=== Begin Enclosure ===

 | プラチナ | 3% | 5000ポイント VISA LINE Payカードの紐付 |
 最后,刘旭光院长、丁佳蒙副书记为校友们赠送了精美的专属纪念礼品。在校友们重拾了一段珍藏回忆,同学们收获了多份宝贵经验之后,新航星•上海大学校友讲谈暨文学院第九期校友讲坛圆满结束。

=== End Enclosure ===
=== Begin Enclosure ===

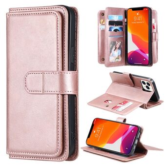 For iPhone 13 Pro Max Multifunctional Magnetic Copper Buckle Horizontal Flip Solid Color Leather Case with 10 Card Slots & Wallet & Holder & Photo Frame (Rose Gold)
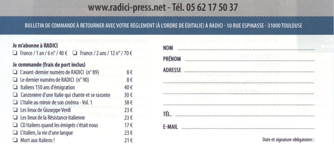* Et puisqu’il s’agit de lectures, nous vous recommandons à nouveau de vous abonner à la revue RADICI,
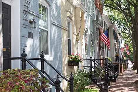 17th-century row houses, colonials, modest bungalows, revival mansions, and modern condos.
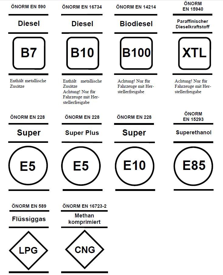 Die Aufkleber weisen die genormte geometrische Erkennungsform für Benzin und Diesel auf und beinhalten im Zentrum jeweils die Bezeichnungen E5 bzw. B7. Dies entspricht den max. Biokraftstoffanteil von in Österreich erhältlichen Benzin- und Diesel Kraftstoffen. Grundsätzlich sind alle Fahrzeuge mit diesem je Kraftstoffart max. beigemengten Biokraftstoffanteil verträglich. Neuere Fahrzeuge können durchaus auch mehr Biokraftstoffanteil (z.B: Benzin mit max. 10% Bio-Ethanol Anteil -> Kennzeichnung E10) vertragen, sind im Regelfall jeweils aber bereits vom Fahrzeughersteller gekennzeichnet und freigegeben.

=== End Enclosure ===
=== Begin Enclosure ===

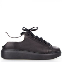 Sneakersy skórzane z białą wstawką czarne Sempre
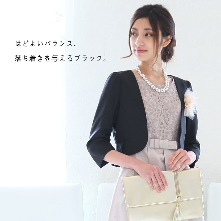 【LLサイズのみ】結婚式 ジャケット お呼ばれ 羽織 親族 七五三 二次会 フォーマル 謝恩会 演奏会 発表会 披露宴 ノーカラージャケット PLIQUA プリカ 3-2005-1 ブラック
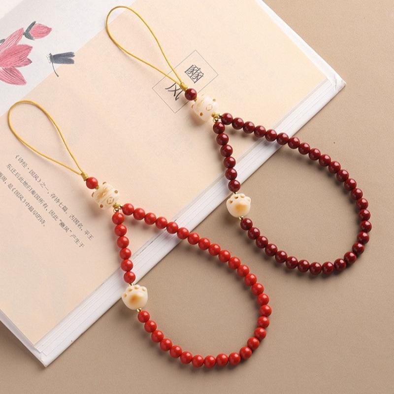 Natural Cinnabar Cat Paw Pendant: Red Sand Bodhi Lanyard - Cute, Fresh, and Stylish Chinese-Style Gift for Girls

=== End Enclosure ===

## What the exercise asks
Once you reach the line with "LINE Payカードの紐付 |" in the data above, copy it and every line after it exactly, up to and including the line with "最后,刘旭光院长、丁佳蒙副书".

## Expected answer
 | プラチナ | 3% | 5000ポイント VISA LINE Payカードの紐付 |
 最后,刘旭光院长、丁佳蒙副书记为校友们赠送了精美的专属纪念礼品。在校友们重拾了一段珍藏回忆,同学们收获了多份宝贵经验之后,新航星•上海大学校友讲谈暨文学院第九期校友讲坛圆满结束。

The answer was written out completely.